= YOUR ASSIGNMENT =
Word for word, set down the lines from the one that holds "خصوصی نیاز به نظارت دارند." through the final line of the listing below, and exclude every picture.

= SOURCE INFORMATION =
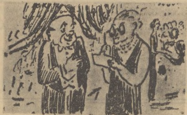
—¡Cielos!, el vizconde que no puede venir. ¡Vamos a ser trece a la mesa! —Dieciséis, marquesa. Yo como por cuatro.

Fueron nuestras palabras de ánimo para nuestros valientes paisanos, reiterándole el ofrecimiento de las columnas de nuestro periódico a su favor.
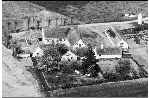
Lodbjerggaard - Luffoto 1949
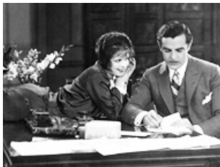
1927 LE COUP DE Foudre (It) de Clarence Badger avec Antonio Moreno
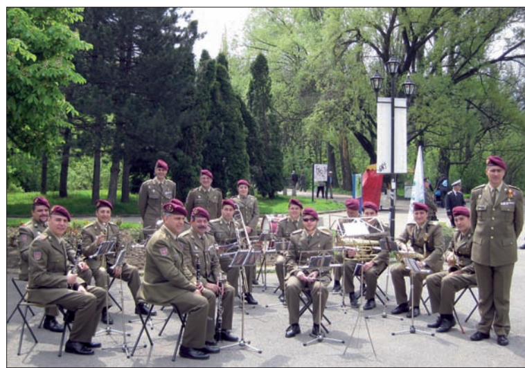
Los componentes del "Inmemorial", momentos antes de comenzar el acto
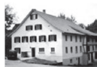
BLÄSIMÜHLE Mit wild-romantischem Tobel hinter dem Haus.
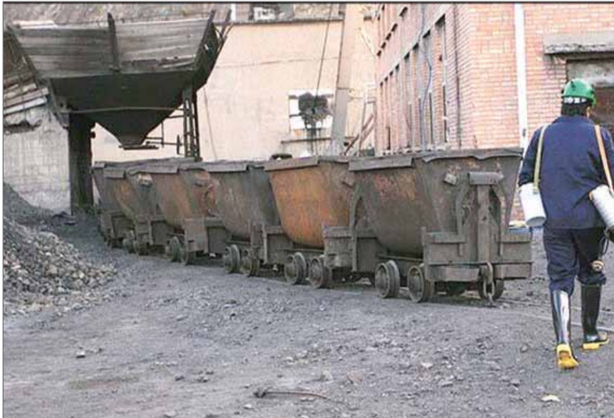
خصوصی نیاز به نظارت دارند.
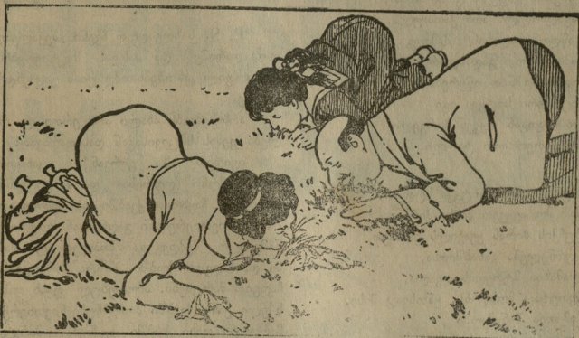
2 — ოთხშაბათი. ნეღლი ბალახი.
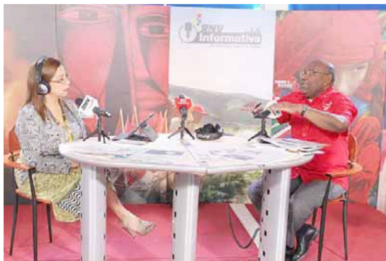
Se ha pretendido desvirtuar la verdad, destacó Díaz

= SOLUTION TO THIS TASK =
خصوصی نیاز به نظارت دارند.
2 — ოთხშაბათი. ნეღლი ბალახი.
Se ha pretendido desvirtuar la verdad, destacó Díaz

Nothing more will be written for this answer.